# Styrofoam Cutting



## ticmike (Jun 2, 2013)

Just wondered what everyone used for cutting their styrofoam?

I've been watching some vids on you tube, were the guy uses a Hot Wire cutter, which looks good, but you can pay over £100 for a good system, less for just 1 4" cutter.

So was wondering what everyone else used???


----------



## jaip1971 (Apr 29, 2013)

small toothed saw, long blade craft or stanley knife then on to the Dremmel, mouth mask, goggles & Hoover  and not where the wife can see lol


----------



## my_shed (Jan 5, 2011)

You can make your own hot wire cutter by taking the tip out of a soldering iron and put a loop of copper wire in its place. Alternatively the above options work well, or even use your hands and fingernails, this is what I often do  

Dave


----------



## Meko (Apr 29, 2007)

a bread knife in B&Q car park before putting it in the car.


----------



## Recluso (Dec 3, 2010)

I use a saw for *big* cutting (i.e. cutting the boards to size) and then sand the edges smooth to get rid of the bits. For small cutting I use a snap blade knife (I buy them in cheapy packs) but for all my shaping and detailing I use my rotary tool.


----------



## ayrton (Apr 22, 2012)

I use normal knifes but you can make a hot knife or wire cutter easy enough a hot knife you just take the tip of a soldering iron and use a small blad for a wire cutter use some copper wire and run it of a 9v battery but you will need to make a heat proof handle for it :2thumb:


----------



## Ron Magpie (Oct 11, 2009)

I just use a sharp knife- but then I generally only use it under tanks, rather than as backgrounds etc.


----------



## wezza309 (Jun 21, 2012)

here is what i have been using on mine 



plus a big saw when needed . the smaller black and yellow thing in the pic is a hotwire knife its good and was only £25 i have used all the stuff loads 

but the wire brush on the dremel is one of the best tools it just rips throught the stuff just wear goggles. glasses are not as good it gets every where so lots of space needed for the dust a bits :whistling2:


----------



## ticmike (Jun 2, 2013)

Cheers for the pic wezza, just ordered a hot wire and was looking at a dremmel in B&Q earlier on as they have 15% off at the moment, so may invest in one. 

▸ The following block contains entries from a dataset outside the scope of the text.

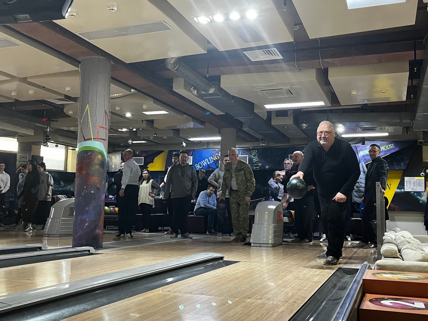 В продолжение праздника мужчины архива приняли участие в соревновании по боулингу. Главной целью турнира было не столько выявить сильнейших в этом виде спорта, сколько укрепить дух товарищества и взаимовыручки среди мужчин, подготовив их к любым вызовам.
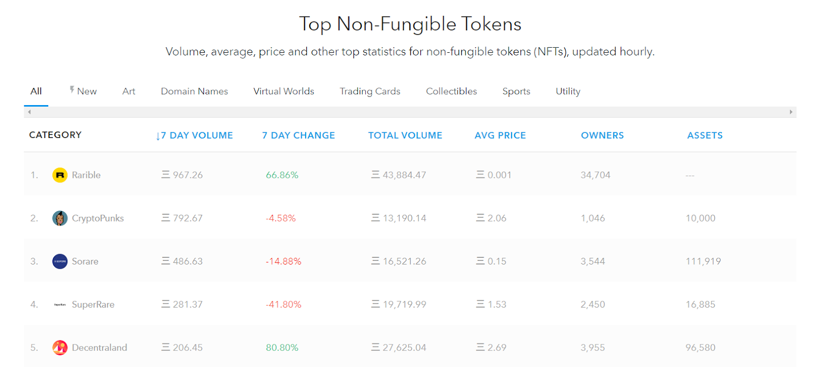 What to know: Check out NonFungible's Market Overview page. Here, you can readily find 7-day volume and sales, sort through historical data, and search by category (e.g. art, games, Metaverse land).
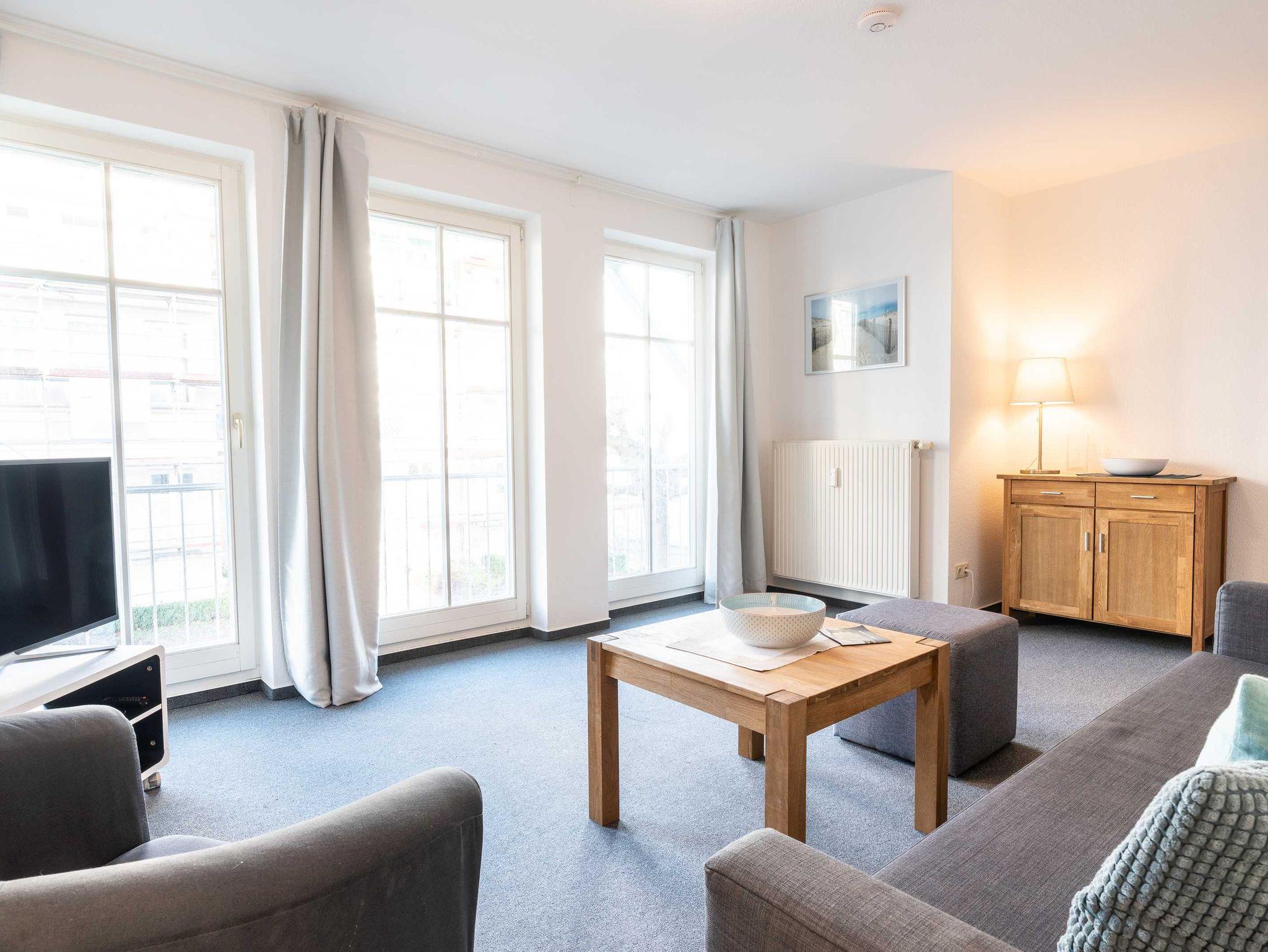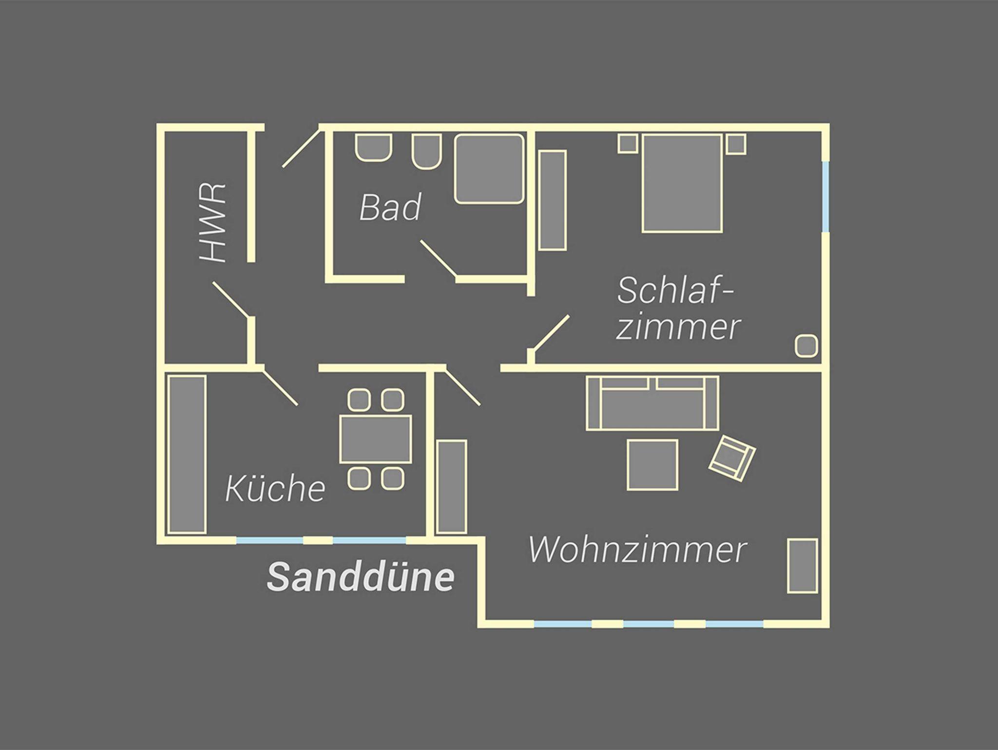 Das ca 58 qm große Appartement Sanddüne verfügt über ein Schlafzimmer mit Doppelbett und großem Kleiderschrank, ein gemütliches Wohnzimmer mit Sofa, bei dem bei Bedarf zwei weitere Gäste Platz finden).

Sent from my HTC One using Tapatalk 2


----------



## wezza309 (Jun 21, 2012)

make sure you get one with adjustable speed and the long attachment make life alot easier i find i have used all my stuff the hot wire can be slow but a lot quicker on polystyrene but its neat finish


----------



## NickBenger (Nov 18, 2010)

my_shed said:


> You can make your own hot wire cutter by taking the tip out of a soldering iron and put a loop of copper wire in its place. Alternatively the above options work well, *or even use your hands and fingernails, this is what I often do
> *
> Dave


:gasp: Are you some kind of Animal!? Do you eat like this? 

How Animals Eat Their Food - YouTube




Hahaha just kidding :lol2:


----------



## my_shed (Jan 5, 2011)

NickBenger said:


> :gasp: Are you some kind of Animal!? Do you eat like this?
> 
> How Animals Eat Their Food - YouTube
> 
> ...


I don't......but will from now  I didn't realize it was an option!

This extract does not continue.